● Dataset extract:
^^^^^^^^^^^^^^^^

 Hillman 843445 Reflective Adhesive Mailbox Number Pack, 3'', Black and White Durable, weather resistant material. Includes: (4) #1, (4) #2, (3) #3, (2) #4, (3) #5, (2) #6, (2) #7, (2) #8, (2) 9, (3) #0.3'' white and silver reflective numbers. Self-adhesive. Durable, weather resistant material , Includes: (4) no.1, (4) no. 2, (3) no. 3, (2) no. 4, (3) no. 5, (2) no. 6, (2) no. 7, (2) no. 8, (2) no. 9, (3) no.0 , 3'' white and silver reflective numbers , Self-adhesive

^^^^^^^^^^^^^^^^

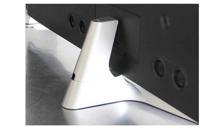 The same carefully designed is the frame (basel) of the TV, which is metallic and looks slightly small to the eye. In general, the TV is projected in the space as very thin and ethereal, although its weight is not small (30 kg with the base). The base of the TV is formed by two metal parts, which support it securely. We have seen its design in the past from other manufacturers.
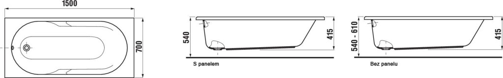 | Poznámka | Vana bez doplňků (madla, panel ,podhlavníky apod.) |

^^^^^^^^^^^^^^^^

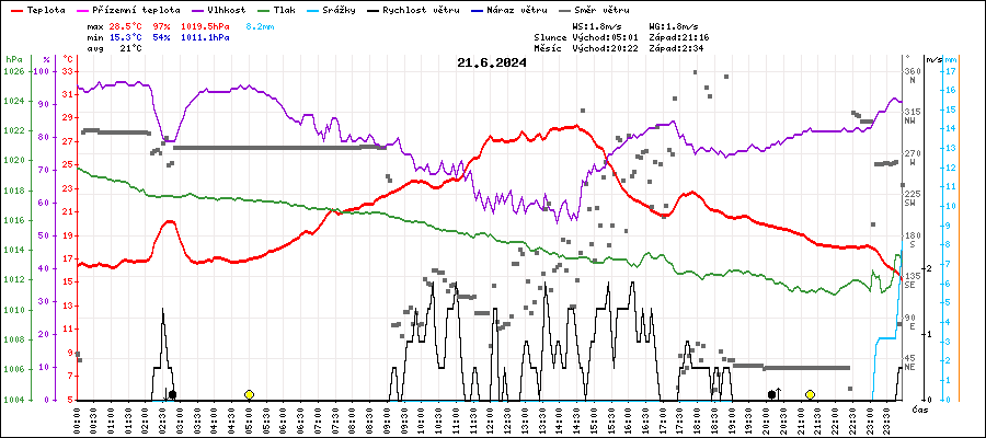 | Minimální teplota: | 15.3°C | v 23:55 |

^^^^^^^^^^^^^^^^

● The problem:
Set down again, word for word, every line from the one with "The same carefully" to the one with "panel ,podhlavníky apod.) |" in the entries above, and omit the pictures.

● Exercise output:
 The same carefully designed is the frame (basel) of the TV, which is metallic and looks slightly small to the eye. In general, the TV is projected in the space as very thin and ethereal, although its weight is not small (30 kg with the base). The base of the TV is formed by two metal parts, which support it securely. We have seen its design in the past from other manufacturers.
 | Poznámka | Vana bez doplňků (madla, panel ,podhlavníky apod.) |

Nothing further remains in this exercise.